## [ACTION ITEM]
Among the entries below, only the lines from the one with "A empresa com" through the one with "Girls' Lace Trim" are to be retyped, exactly and without pictures.

## [SOURCE MATERIAL]
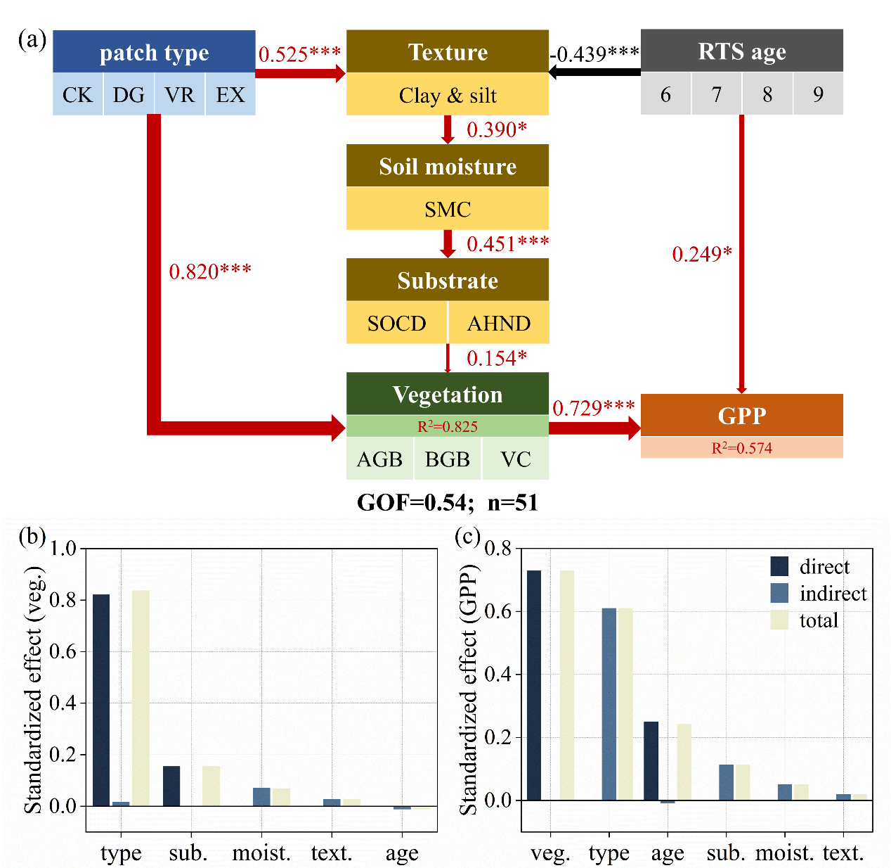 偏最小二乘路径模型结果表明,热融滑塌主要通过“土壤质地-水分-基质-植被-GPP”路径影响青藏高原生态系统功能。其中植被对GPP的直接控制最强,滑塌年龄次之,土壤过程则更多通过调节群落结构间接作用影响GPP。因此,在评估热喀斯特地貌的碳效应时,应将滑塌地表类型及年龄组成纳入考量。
--
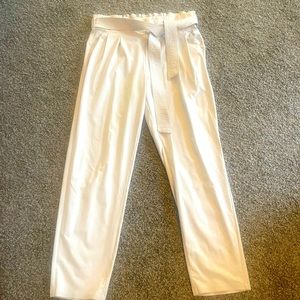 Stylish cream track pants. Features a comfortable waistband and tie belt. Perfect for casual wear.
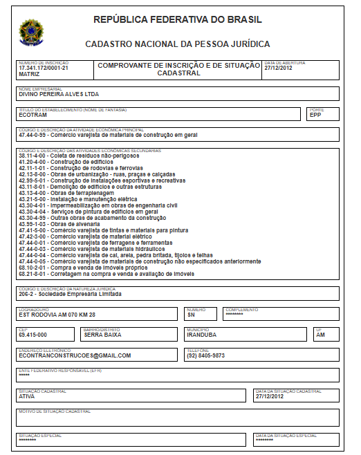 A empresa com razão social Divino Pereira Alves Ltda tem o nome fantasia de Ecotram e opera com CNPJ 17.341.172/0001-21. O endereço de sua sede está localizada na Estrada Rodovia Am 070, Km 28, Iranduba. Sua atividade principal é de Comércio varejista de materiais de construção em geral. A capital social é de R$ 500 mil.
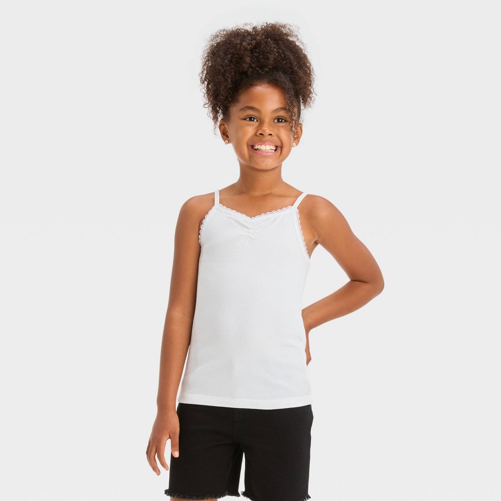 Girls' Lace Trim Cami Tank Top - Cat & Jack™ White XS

## [SOLUTION]
 A empresa com razão social Divino Pereira Alves Ltda tem o nome fantasia de Ecotram e opera com CNPJ 17.341.172/0001-21. O endereço de sua sede está localizada na Estrada Rodovia Am 070, Km 28, Iranduba. Sua atividade principal é de Comércio varejista de materiais de construção em geral. A capital social é de R$ 500 mil.
 Girls' Lace Trim Cami Tank Top - Cat & Jack™ White XS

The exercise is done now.